Bagaimana Menjadi Orang yang Beruntung (Pandangan Lain Soal Keberuntungan)


Di tulisan sebelumnya, saya cerita tentang faktor keberuntungan yang perlu dimiliki seorang untuk berhasil dalam hidupnya. Lalu bagaimana dengan yang selalu merasa dan berpikir bahwa mereka orang-orang yang belum (tidak) beruntung? Apakah selamanya akan selalu tidak beruntung?

Ternyata beberapa ahli menyatakan bahwa keberuntungan bisa dibentuk karena memiliki pola dan alur yang bisa saja dilakukan oleh setiap orang. 

Ahli pertama adalah Dr. Tina Seelig, profesor di Departemen of Management Science and Engineering di Stanford University. Seelig menyatakan bahwa keberuntungan adalah setiap momen terbaik yang dialami dan terjadi pada seseorang. Dalam momentum terbaik itu banyak hal yang perlu dilakukan sebelum, selama, dan setelah seseorang mendapatkannya. 

Sayangnya, yang sering dilakukan seseorang malah membandingkan dirinya dengan orang lain. Ya, yang dilakukannya justeru malah melihat hal-hal tertentu (yang dianggap keberuntungan) pada kehidupan orang lain. 

Padahal, menurut Seelig, momen milik orang-orang yang dilihat itu, sebenarnya adalah hasil dari rangkaian proses dalam waktu yang tak terhitung. Ya, momentum dan kejadian terbaik (keberuntungan) pada orang lain bisa dikatakan hasil dari sebuah proses yang panjang.

Momentum atau hasil dari proses yang panjang itu seperti hukum sebab-akibat. Seperti kata pepatah: siapa yang menanam akan menuai. Contohnya, Jika seseorang terus berjualan pakaian, suatu saat ia akan sampai pada titik keberuntungan miliknya sendiri yangvtak jauh dari dunia jualan dan pakaian. 

Pandangan lainnya adalah yang menyatakan bahwa keberuntungan hanya datang pada orang-orang yang telah bersedia. Hal ini sama dengan teori tentang hubungan genetika dan lingkungan yang menentukan bagaimana hidup seseorang. Genetika dan lingkungan yang sama-sama membentuk diri seseorang. 

Begitu juga hubungan antara keberuntungan dan perilaku seseorang. Keberuntungan menangkap hal-hal yang terjadi pada seseorang, dan perilaku merangkum hal-hal yang dilakukan tersebut.
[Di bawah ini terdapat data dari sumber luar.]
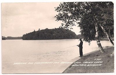 Title (ebay affiliate link): Shoreline Fishing Scene, Rainbow Lake Chain O`Lakes Waupaca WI RPPC 1956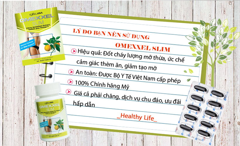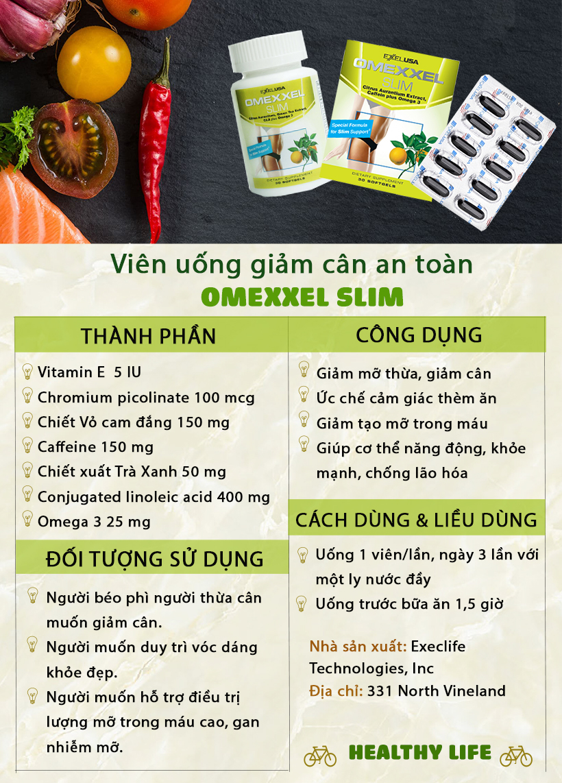 - Viên uống giảm cân an toàn Omexxel Slim có sự kết hợp của Tinh chất trà xanh và Caffeine vì theo nghiên cứu sự kế hợp của Caffeine và tinh chất EGCG trong trà xanh giúp tăng khả năng đốt cháy chất béo đến 33% giúp thể cải thiện và duy trì cân nặng ở những trường hợp thừa cân và điều hòa cân nặng ở những bệnh nhân béo phì.

Karenanya keberuntungan seseorang tidak pernah jauh dari apa yang dia lakukan sehari-hari. 

Jika seseorang terbiasa jualan, maka keberuntungan yang memihak pada dirinya juga dalam bidang jualan. Begitu pun dengan profesi dan bidang-bidang yang lain.

Ada lagi pendapat yang lain yang serupa, yaitu: Keberuntungan dihasilkan ketika seseorang tahu kapan dan bagaimana memimpin (mengendalikan) apapun yang dikerjakan dalam kehidupannya. 

Prinsip dasarnya, apapun yang dilakukan oleh seseorang memiliki hal-hal (dan pekerjan) lain yang terhubung. Karenanya, saat melakukan satu pekerjaan, hakekatnya seseorang pun tengah melakukan banyak hal lain sekaligus. 

Misalnya, saat seseorang jualan (satu pekerjaan), hakekatnya ia tengah melakukan hal lain, seperti berkomunikasi dengan orang lain, mempelajari produk yang dijual, menghitung modal dan harga jual, dan seterusnya. 

Meski tak terlihat dan terkesan kecil, hal-hal lain tersebut memiliki dampak untuk dirinya, orang lain, dan semesta. Itu terjadi jika ia terus melakukan sesuatu. Terus gerak. Terua usaha. Terus jualan pakaian, misalnya.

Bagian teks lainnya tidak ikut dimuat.